蒼天遊々な旅

LIFE IS TRAVEL

20150311


人の生き死にに、俺は無力だ。
傍観することしか出来ず、それでも前へ歩き出す。







追記。
この日は、突然息を引き取った甥っ子の葬儀の日だった。まだ1歳と8ヶ月。
身近なところで突然現れた幼い命の死に、ただただ涙を流して見つめることしかできなかった。


3月9日。
大雨の中で甥っ子の死の知らせを聞いた。
そのまま病院へ駆け込んで、冷たくなってしまったその姿を見たときのビジョンは一生涯忘れることは無いだろう。

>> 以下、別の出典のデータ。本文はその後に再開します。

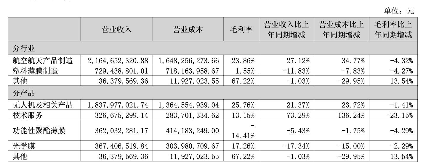 航天彩虹增收不增利,主要受新材料业务拖累。2025年,该公司航空航天产品制造业务营收21.65亿元,同比增长27.12%;而塑料薄膜制造业务营收同比下降11.83%,光学膜产品同比降幅达17.34%,成为拖累整体业绩的短板。
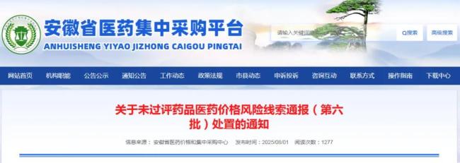 8月1日,安徽医药价格和集中采购中心发布《关于未过评药品医药价格风险线索通报(第六批)处置的通知》,要求相关企业于8月1日至8月6日进行自主降价,对于在规定时限内不降价或降价不达标的药品,将统一列入禁用目录。

葬儀の日に嫁さんが葬儀のため甥っ子へ火葬できる靴を探しにって店員さんに事情を説明したら、店員さんもショックで号泣したこと。
息をしていない小さな体。
驚くほど小さな棺に一杯に添えられた花。
出棺の時に持ち上げた棺の重さ。
前日までの大雨が嘘のような雲一つない蒼空。
火葬場までの道すがら、街で見る国旗はこの日に合わせ半旗が掲げられ、国中が喪に伏していたこと。
まるでこの幼い命の終わりに世界中が悲しんでいるかのような錯覚さえ感じたこと。



両親の悲しみは多大なことであろう。
自分自身も親となったから、その苦しみ、悲しみは痛いほどわかる。
それでも俺は無力にも、傍観する事しかできなかった。


わすれることが出来ない、あまりにも鮮烈な日。


ふと、この日を思い返し、眠れぬ夜にこの想いを此処へしたためる。


追記②
東日本大震災の日付と近い事もあって、この時期になると情景がフラッシュバックしあれから何年経ったのだろうかと、毎年この記事を毎年確認してしまう。
甥っ子が自分の息子の一つ上だったこともあるので、大きくなった息子の後ろ姿を見ては、もうこんなに時間が経ったのだ、と。